- [Activity]
The listing is to be printed word for word, pictures omitted.

- [Provided data]
═══

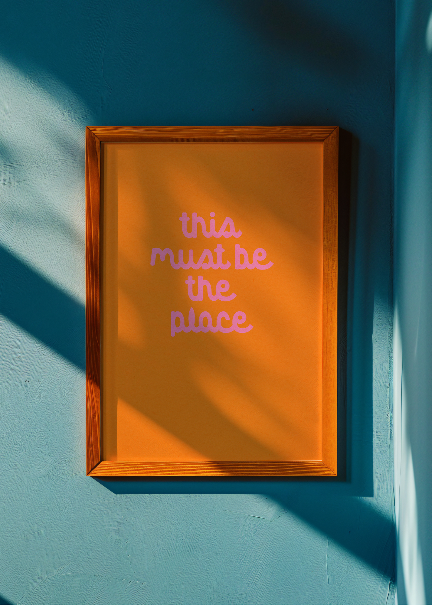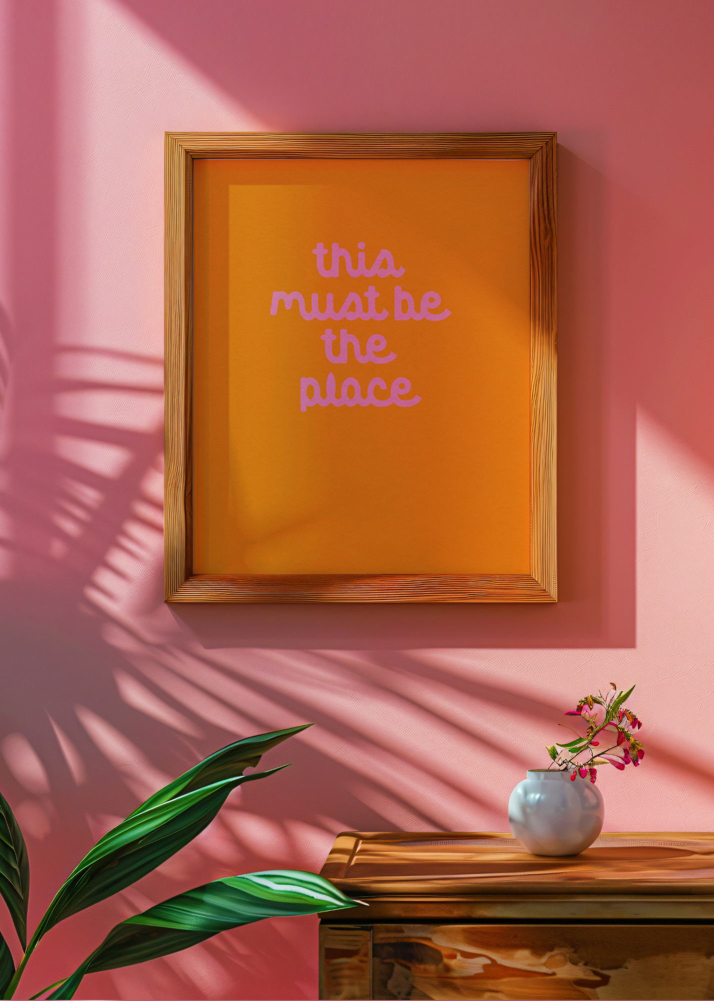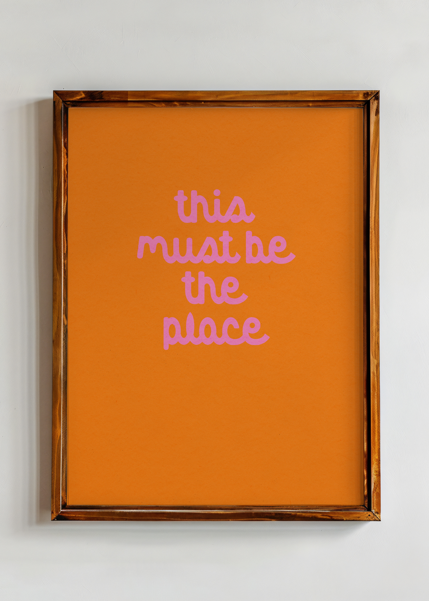 This Must Be the Place— With a playful font in bright pink over a vibrant orange background, this cheerful print radiates warmth and belonging. Simple yet full of charm, it’s a joyful reminder that sometimes, you’re already exactly where you need to be.
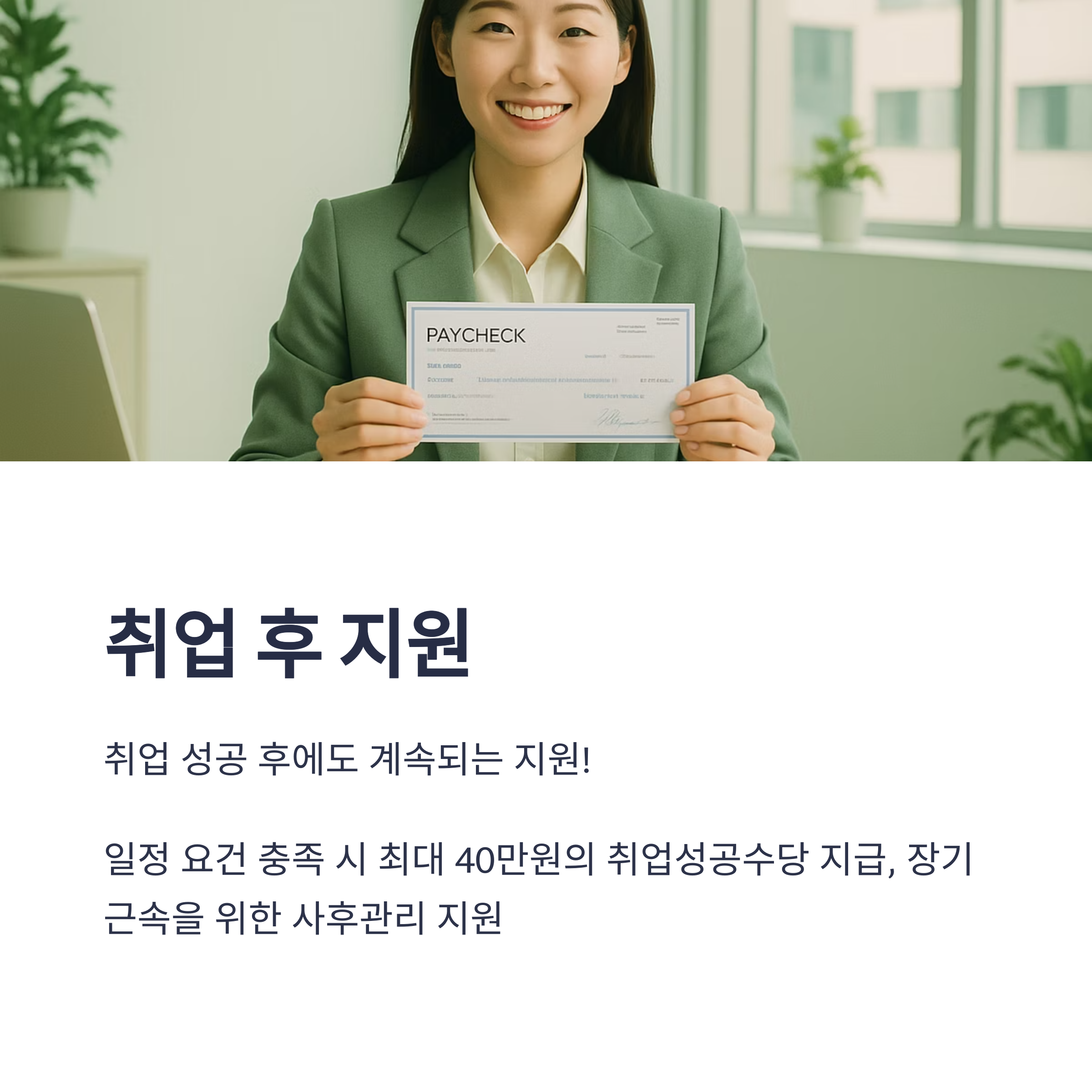 A. 일정 요건 충족 시 최대 40만 원의 취업성공수당이 지급되며, 장기근속을 위한 사후관리도 지원됩니다.
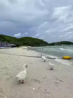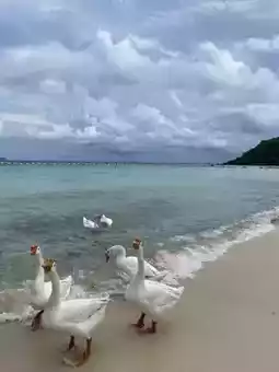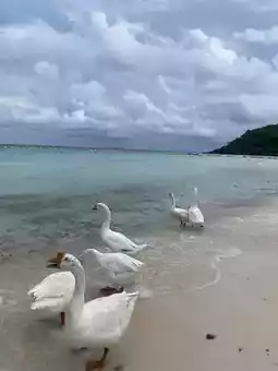 This is a very beautiful beach. It's clean, shady, and the water is crystal clear and inviting. And, most importantly, there's a celebrity on the beach: baby geese playing in the water. You can see them swimming! But be sure to arrive early, as they usually come out in the morning. After 9 a.m., the staff will take them back to their accommodations. A great family getaway for the holidays! 🌊🏝️🏖️🦢
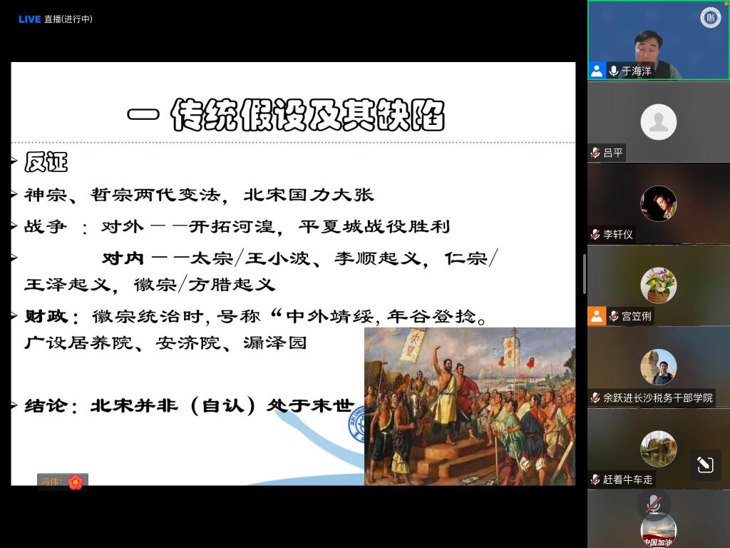 本次学术讲座兼具历史感与创新性,既具有学术价值又富有启发意义。通过此次学习,同学们对北宋的战略失败原因有了更加深入的了解,纷纷表示此次讲座对于开拓研究思路大有裨益,并对于海洋教授深厚的研究积淀与学术造诣感到敬佩。在疫情防控的特殊时期,希望同学们能够通过学术活动以史明鉴,了解新的学术分析视角,激发学术创造力,增添学术思想的厚度!

═══

- [Task output]
 This Must Be the Place— With a playful font in bright pink over a vibrant orange background, this cheerful print radiates warmth and belonging. Simple yet full of charm, it’s a joyful reminder that sometimes, you’re already exactly where you need to be.
 A. 일정 요건 충족 시 최대 40만 원의 취업성공수당이 지급되며, 장기근속을 위한 사후관리도 지원됩니다.
 This is a very beautiful beach. It's clean, shady, and the water is crystal clear and inviting. And, most importantly, there's a celebrity on the beach: baby geese playing in the water. You can see them swimming! But be sure to arrive early, as they usually come out in the morning. After 9 a.m., the staff will take them back to their accommodations. A great family getaway for the holidays! 🌊🏝️🏖️🦢
 本次学术讲座兼具历史感与创新性,既具有学术价值又富有启发意义。通过此次学习,同学们对北宋的战略失败原因有了更加深入的了解,纷纷表示此次讲座对于开拓研究思路大有裨益,并对于海洋教授深厚的研究积淀与学术造诣感到敬佩。在疫情防控的特殊时期,希望同学们能够通过学术活动以史明鉴,了解新的学术分析视角,激发学术创造力,增添学术思想的厚度!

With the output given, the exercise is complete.